### Your instructions
When duplicating the records beneath this instruction, omit every picture and keep all else exact.
━━━━
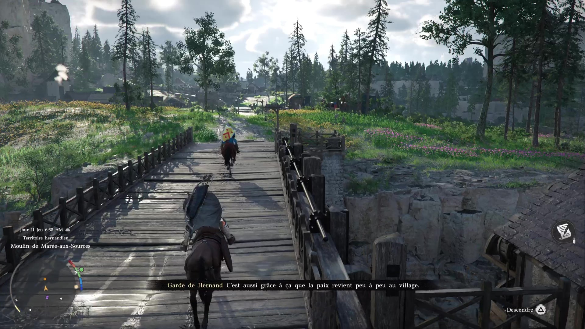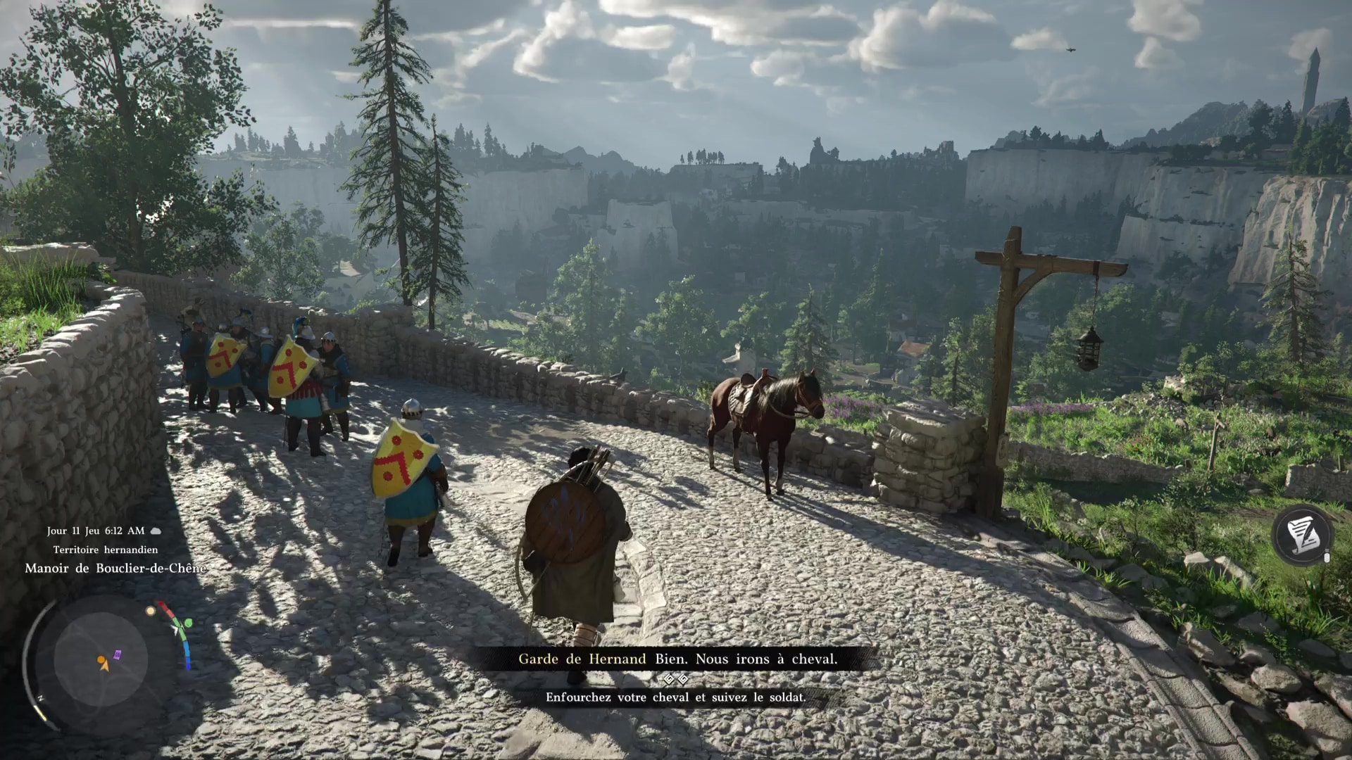 Au bout de la marche, enfourchez votre monture puis chevauchez aux côtés du garde jusqu’à votre nouveau foyer. Avancez et attendez que le garde reparte pour poser pied à terre.
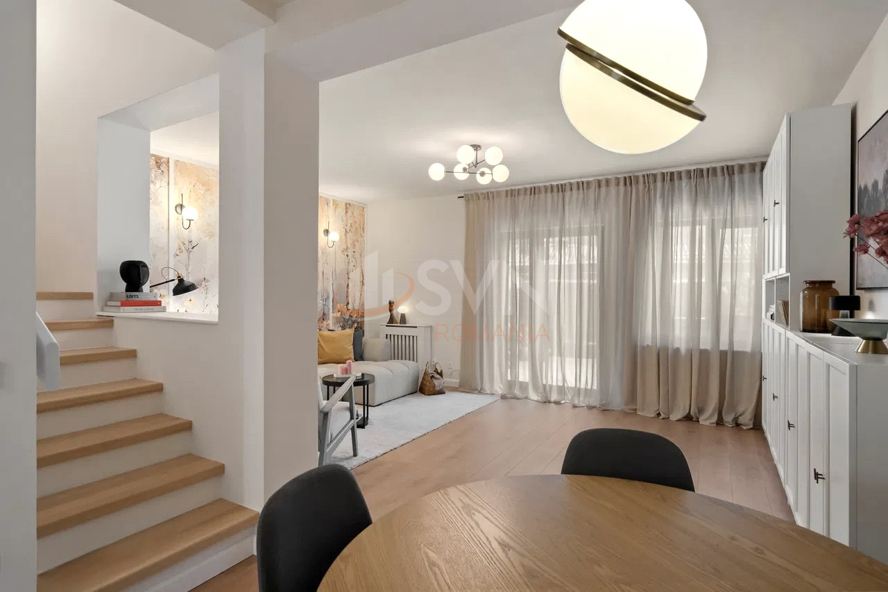 Proprietatea a fost complet renovata, cu atentie la detalii si este oferita spre vanzare complet mobilata si utilata, gata pentru mutare. Compartimentarea este eficienta si functionala, incluzand patru dormitoare, un living generos cu zona de dining, bucatarie, trei bai, precum si spatii de depozitare bine organizate.
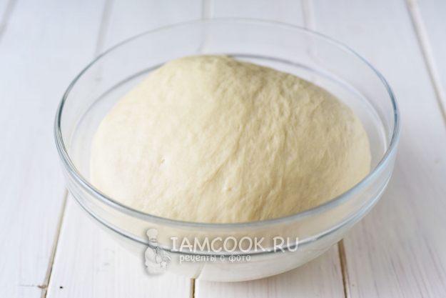 Замесим руками мягкое, не липкое тесто, округлим его в миске, смазав растительным маслом поверхность, затянем миску пищевой пленкой, оставим в комнатных условиях на час подходить.
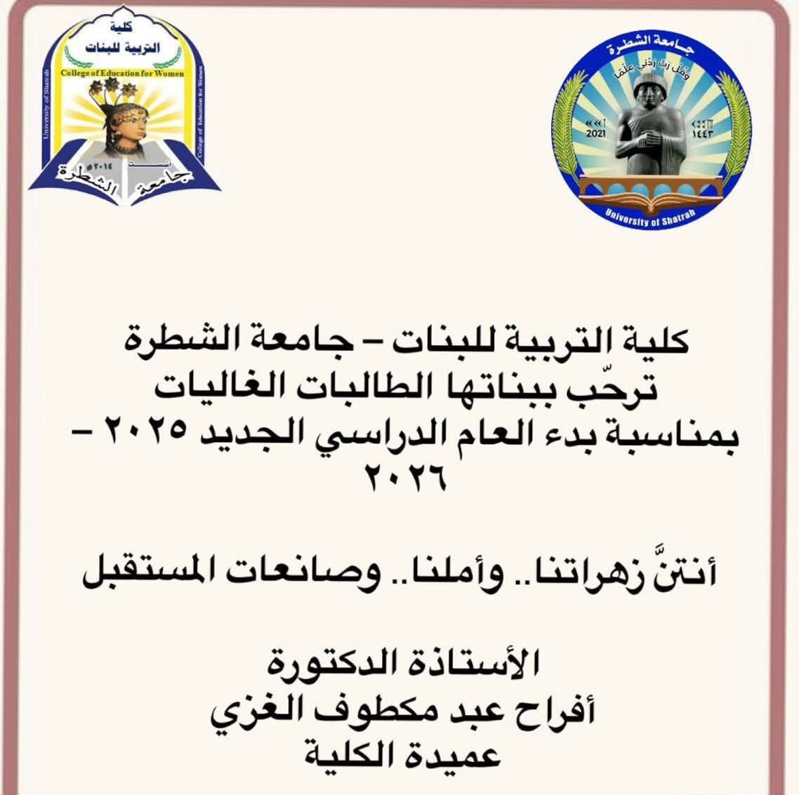 بكل فخرٍ واعتزاز، تستقبل كلية التربية للبنات في جامعة الشطّرة طالباتها الجدد في العام الدراسي الجديد، متمنّية لهن مسيرةً علميةً عامرةً بالنجاح والإبداع والعطاء.
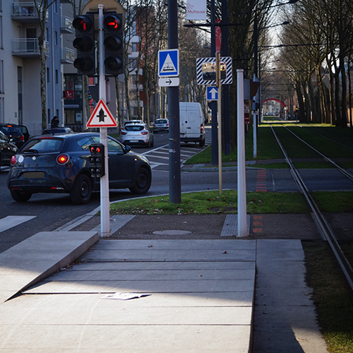 Le tramway est toujours prioritaire et la signalisation est à respecter. Attention aux rames dites croiseuses. Franchir les rails le plus perpendiculairement possible permet d'éviter de coincer la roue de son vélo, sa trottinette etc.
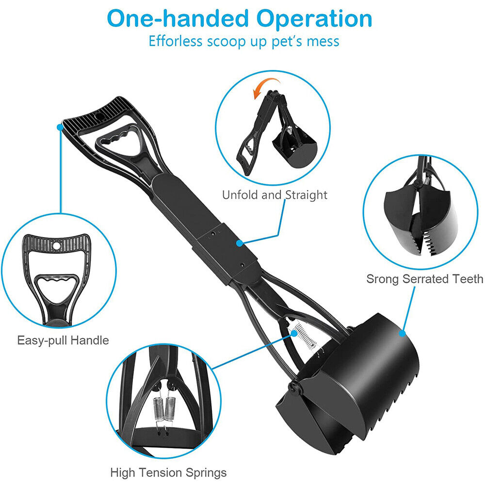 - 【CONVENIENT】60 CM long handle pooper scooper without ever having to kneel or bend down.
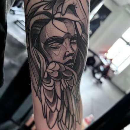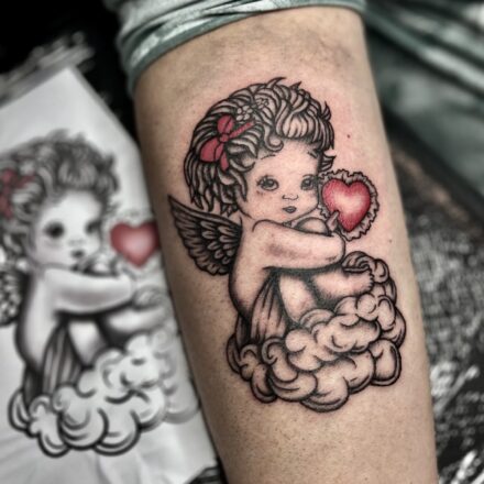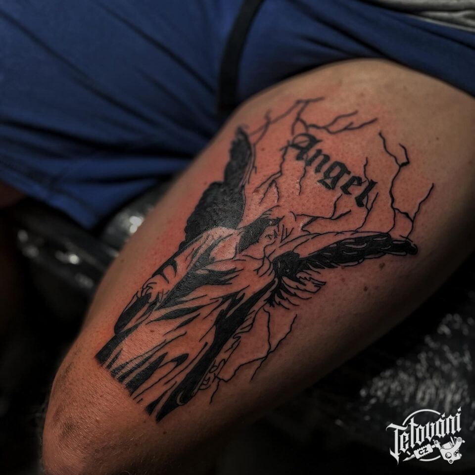 Tetování anděl na stehně
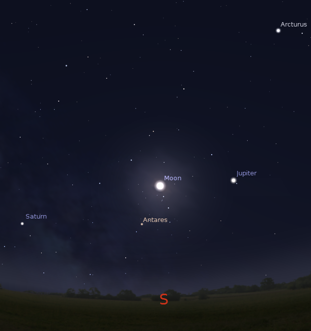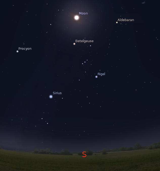 The exact time that the Moon will be fill, at least to the nearest minute is 9:24 tonight. Ever notice the placement of the full moon in the sky between winter and summer? The Full moon near the winter solstice moves very high at midnight, while the full moon near the summer solstice is seen quite low in the south. For the Moon to be full, it most be nearly opposite the Sun in the sky, so we see it fully illuminated as the Sun does. The Moon’s orbit is close to the Sun’s apparent path in the sky, the ecliptic, which is the projection of the Earth’s orbit of the Sun. So the Moon now is near where the Sun will be 6 months from now in late June, high in the sky. Next full moon we will see a lunar eclipse.
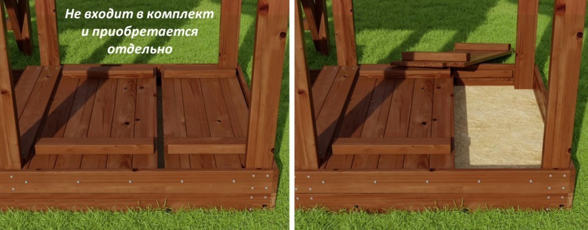 Самые маленькие будут рады удобным и безопасным качелям с высокими бортиками. Рядом – модель для ребят постарше. Шумной компанией весело кататься с горки или играть в баскетбол. В пространстве под горкой расположен столик и скамейки, а рядом – песочница, защищенная от дождя и солнца крышей.
━━━━
### Task solution
 Au bout de la marche, enfourchez votre monture puis chevauchez aux côtés du garde jusqu’à votre nouveau foyer. Avancez et attendez que le garde reparte pour poser pied à terre.
 Proprietatea a fost complet renovata, cu atentie la detalii si este oferita spre vanzare complet mobilata si utilata, gata pentru mutare. Compartimentarea este eficienta si functionala, incluzand patru dormitoare, un living generos cu zona de dining, bucatarie, trei bai, precum si spatii de depozitare bine organizate.
 Замесим руками мягкое, не липкое тесто, округлим его в миске, смазав растительным маслом поверхность, затянем миску пищевой пленкой, оставим в комнатных условиях на час подходить.
 بكل فخرٍ واعتزاز، تستقبل كلية التربية للبنات في جامعة الشطّرة طالباتها الجدد في العام الدراسي الجديد، متمنّية لهن مسيرةً علميةً عامرةً بالنجاح والإبداع والعطاء.
 Le tramway est toujours prioritaire et la signalisation est à respecter. Attention aux rames dites croiseuses. Franchir les rails le plus perpendiculairement possible permet d'éviter de coincer la roue de son vélo, sa trottinette etc.
 - 【CONVENIENT】60 CM long handle pooper scooper without ever having to kneel or bend down.
 Tetování anděl na stehně
 The exact time that the Moon will be fill, at least to the nearest minute is 9:24 tonight. Ever notice the placement of the full moon in the sky between winter and summer? The Full moon near the winter solstice moves very high at midnight, while the full moon near the summer solstice is seen quite low in the south. For the Moon to be full, it most be nearly opposite the Sun in the sky, so we see it fully illuminated as the Sun does. The Moon’s orbit is close to the Sun’s apparent path in the sky, the ecliptic, which is the projection of the Earth’s orbit of the Sun. So the Moon now is near where the Sun will be 6 months from now in late June, high in the sky. Next full moon we will see a lunar eclipse.
 Самые маленькие будут рады удобным и безопасным качелям с высокими бортиками. Рядом – модель для ребят постарше. Шумной компанией весело кататься с горки или играть в баскетбол. В пространстве под горкой расположен столик и скамейки, а рядом – песочница, защищенная от дождя и солнца крышей.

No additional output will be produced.